Tag Archive for: fiction

The Silence by Don DeLillo

Illusory though it is, there’s an endorphin-rush moment when you begin a novel that feels as though it was written just for you. The story’s arc is almost irrelevant. What blows your hair back are the observations in sentences that seem perfectly formed. It’s as if your limbic system has been waiting for this moment. And from this instant, you know that you will need to read everything ever written by this author, this new shadow of you. For me, one such author is Don DeLillo.
I don’t recall how it was in my twenties I ended up reading DeLillo’s “Libra,” a novel about Lee Harvey Oswald. I wasn’t particularly interested in traveling into an imagined rendering of Oswald’s mind. By novel’s end, however, I felt as though I learned more about him than any nonfiction book could reveal. But more than anything, it was DeLillo’s writing that had me up, pacing and reading.
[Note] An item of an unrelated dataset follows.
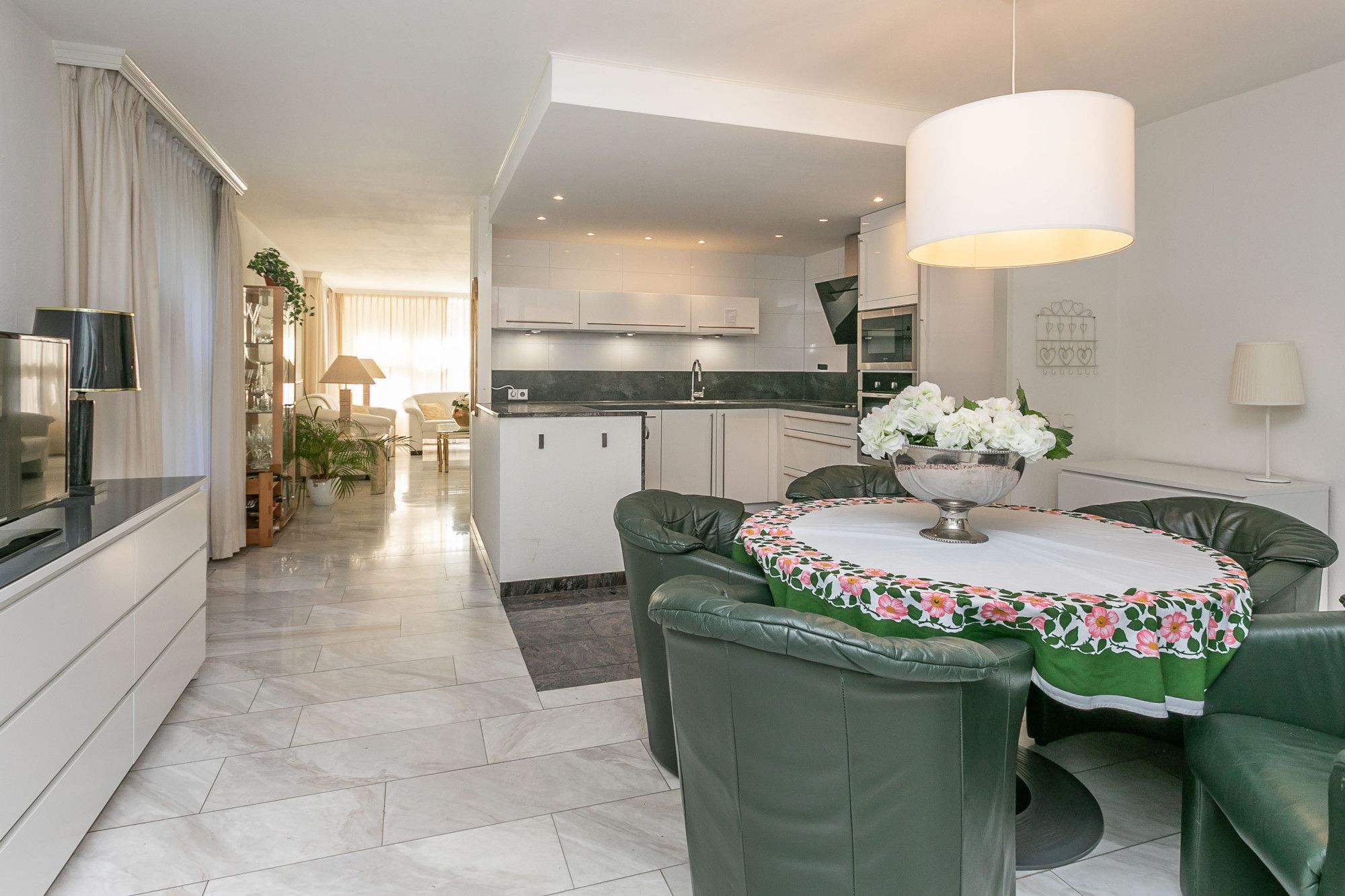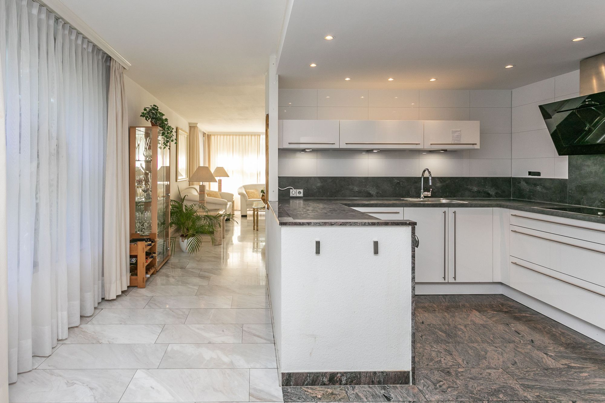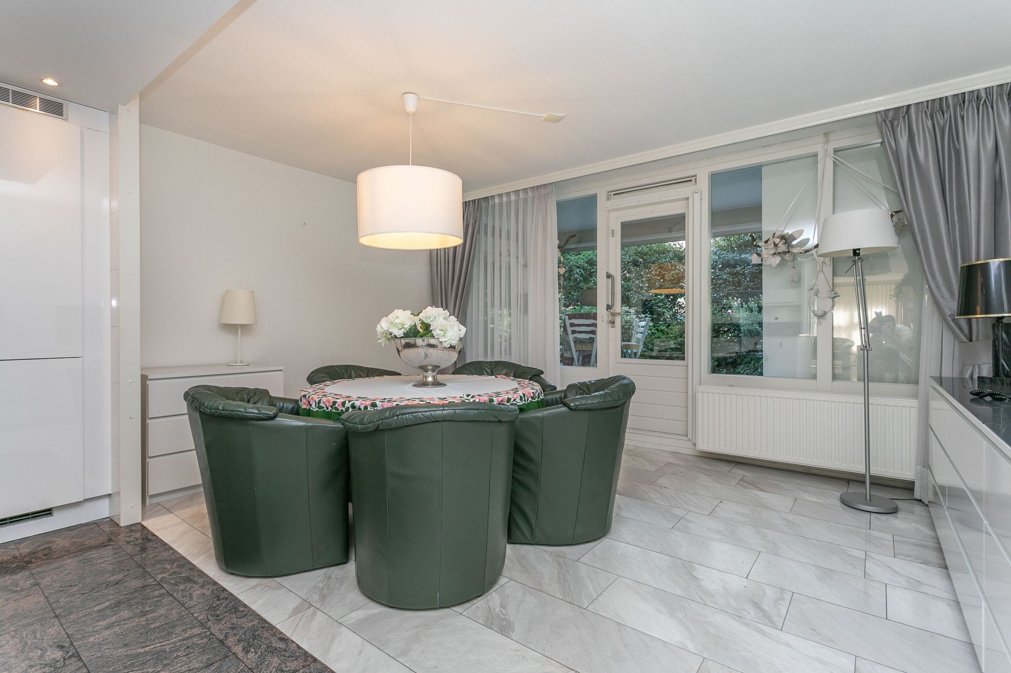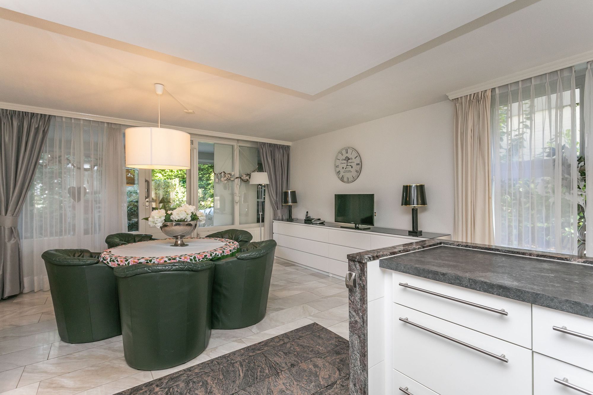 De ruimte loopt door naar de keuken, waar zich tevens een tweede eetgedeelte bevindt.

There was a rhythm to the words. To this day, I will reread a chapter of DeLillo, much in the same way we listen to our favorite musicians over and over.
DeLillo’s awards and accolades are many, his influence on a generation of writers legion, notably Jonathan Franzen and the late, great David Foster Wallace. His modernist style made him a talisman to those pondering modern life. While DeLillo may not be a widely read author, his writing reminds me of what someone said of The Velvet Underground: not many listened to their music, but those who did started a band. Reading DeLillo made one want to write. And, after 50 years as a published author, he’s still at it.
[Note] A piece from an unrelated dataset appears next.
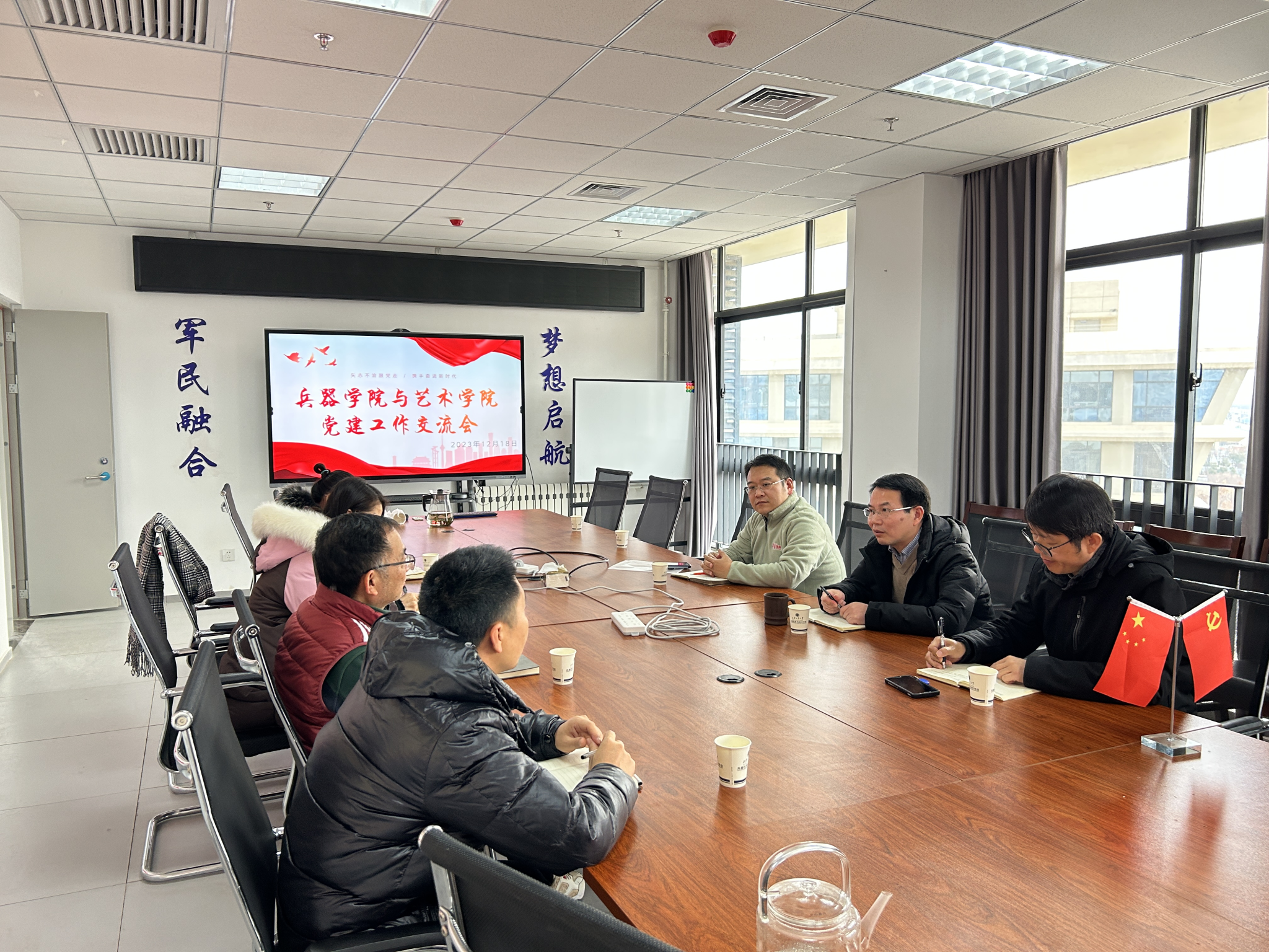 2023年12月18日下午2:30分,3003新葡平台登录入口党委书记蔡长龙、党委组织委员陈丁、辅导员王国栋与来访的艺术与传媒学院党委书记周著一行四人与在3003新葡平台登录入口8-615会议开展两院党建工作交流。

His latest novel, “The Silence,” could actually be considered a novella. It’s only 117 pages, double-spaced. (The fact that such a svelte book was released in a fickle publishing industry speaks to DeLillo’s reputation.) It takes place on Super Bowl night, the year 2022. A couple, Tessa and Jim, are flying back to New Jersey from Paris. As they approach stateside, the commercial plane loses its lift and plummets. Whereas Jim had been staring at the screen that tracks the plane’s location, airspeed, and estimated time of arrival, he now visualizes the soon-to-be news footage reporting their fiery demise.
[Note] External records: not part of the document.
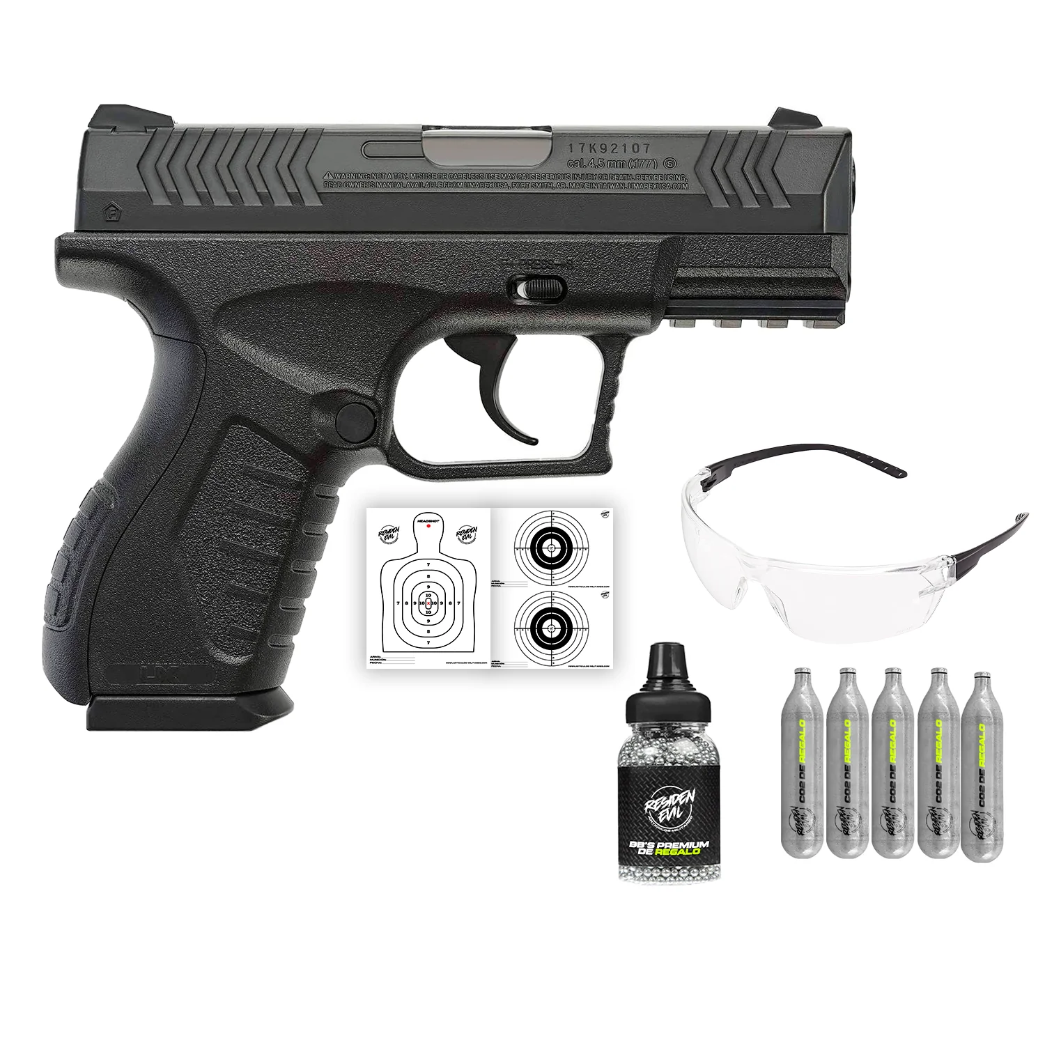 Los cartuchos de CO2 se insertan en la empuñadura, lo que permite una carga rápida y sencilla. Gracias a este sistema, la pistola es capaz de generar velocidades de hasta 410 pies por segundo (fps), lo que le otorga una excelente precisión y un rendimiento destacable en actividades como el tiro al blanco y la práctica de disparos rápidos.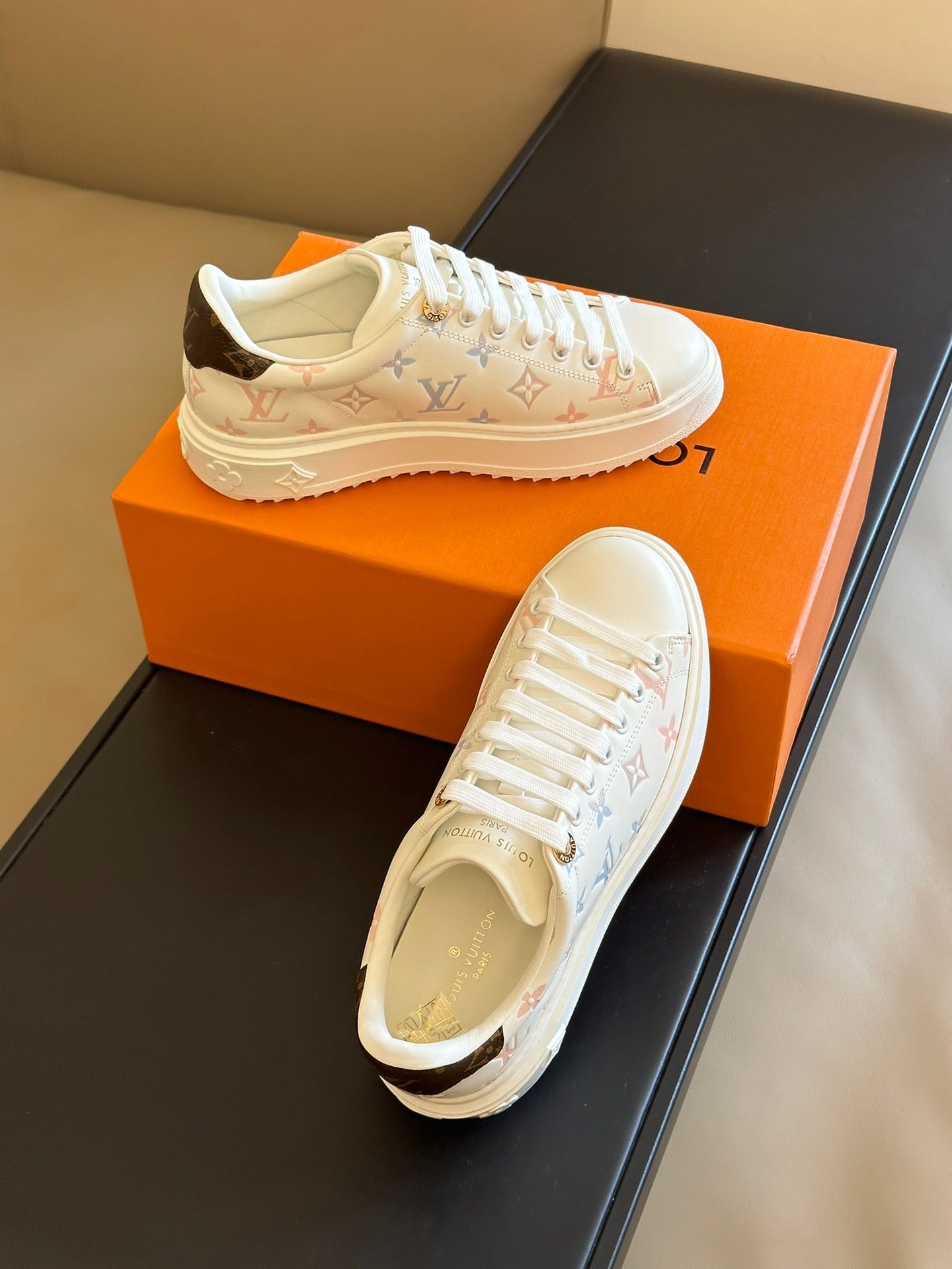 The emblematic Time Out sneaker is revisited in soft calf leather, which is debossed with the Louis Vuitton signature and the Monogram pattern. The design is complemented by a trim in recycled Monogram nylon at the back. This model is finished with an elevated rubber outsole with a 3-D pattern of Monogram Flowers.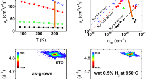 The scattering of charge carriers with line defects, i.e., threading dislocations, needs to be decreased to further enhance electron mobility of lattice-mismatched epitaxial films and heterostructures for the application of high-performance electronic devices. Here, we report a strategy to post-treat epitaxial La-doped BaSnO3 films by delicately controlling oxygen partial pressure p(O2), which achieved significant increase in room temperature electron mobility to 122 cm2∙V−1∙s−1. This mobility enhancement is attributed to an oxygen vacancy-assisted recovery process that reduces the density of dislocations by accelerating the movement of dislocations in ionic crystals under p(O2)-controlled treatment, despite an increase in the density of charged point defects.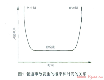 按照W.KentMuhlbauer的分類方法,造成管道失效和事故的原因共4大類:①第三方破壞。第三方破壞原因是指燃氣管道因最小埋深、地面上的活動狀況(水平)、當?shù)鼐用竦乃刭|(zhì)(公眾教育)、管道地上設(shè)備安全、線路狀況、巡線頻率等因素,這些因素以外力擠壓或人為破壞的形式使燃氣管道受到損壞。②管道腐蝕。腐蝕是導(dǎo)致燃氣管道(主要是鋼管)穿孔、破裂的重要破壞因素。對于埋地管道而言,腐蝕來自兩個方面:內(nèi)腐蝕和外腐蝕。③人工誤操作。人工誤操作包括設(shè)計誤操作、施工誤操作、技術(shù)誤操作、管理與監(jiān)督誤操作、運行維護與檢測誤操作等,這些誤操作會導(dǎo)致燃氣管網(wǎng)運行的安全性降低,風(fēng)險增加。④管網(wǎng)設(shè)計。設(shè)計需考慮的因素有管道最大承受壓力、管內(nèi)水擊因素、設(shè)計厚度和選材選型、士層移動、線路選擇、施工方案等,考慮不周會導(dǎo)致燃氣事故的發(fā)生。在實際風(fēng)險管理中,用普通的概率計算方法計算其風(fēng)險概率相當困難,有些還不可能實現(xiàn)。因此,采用美國核管理委員會(NUREG)推薦的方法,通過計算失效速率得出風(fēng)險概率。由分析統(tǒng)計的相關(guān)資料可知,管道發(fā)生事故的風(fēng)險概率一般符合U型曲線(見圖l),即初期處于磨合階段,管道工作并不穩(wěn)定,后期接近設(shè)計壽命,事故發(fā)生也較頻繁。若只考慮中間的穩(wěn)定期,則其風(fēng)險速率v可視為常數(shù)。

At the same moment, another couple, Max and Diane, are ready to watch the game in their Manhattan apartment and are also waiting for Tessa and Jim to join them. Already there is Martin, a former university physics student of Diane’s. Then all electric currents and signals disappear. When it dawns on them that this outage is widespread and not likely to end soon, Max (who appears to have a slight gambling problem) loses it a little. He stops just staring at the blank screen and starts to announce a made-up football game, replete with commercials.
Martin, already a man with “a nowhere stare,” begins spouting thoughts that are sometimes thought-provoking, sometimes absurd. For him, that blank screen means so much more than a power outage. “What is it hiding from us?” Not knowing what else to do, Diane observes and listens to these two, a low-grade panic beginning to well insider her. “The pauses were turning into silences and beginning to feel like the wrong kind of normal.”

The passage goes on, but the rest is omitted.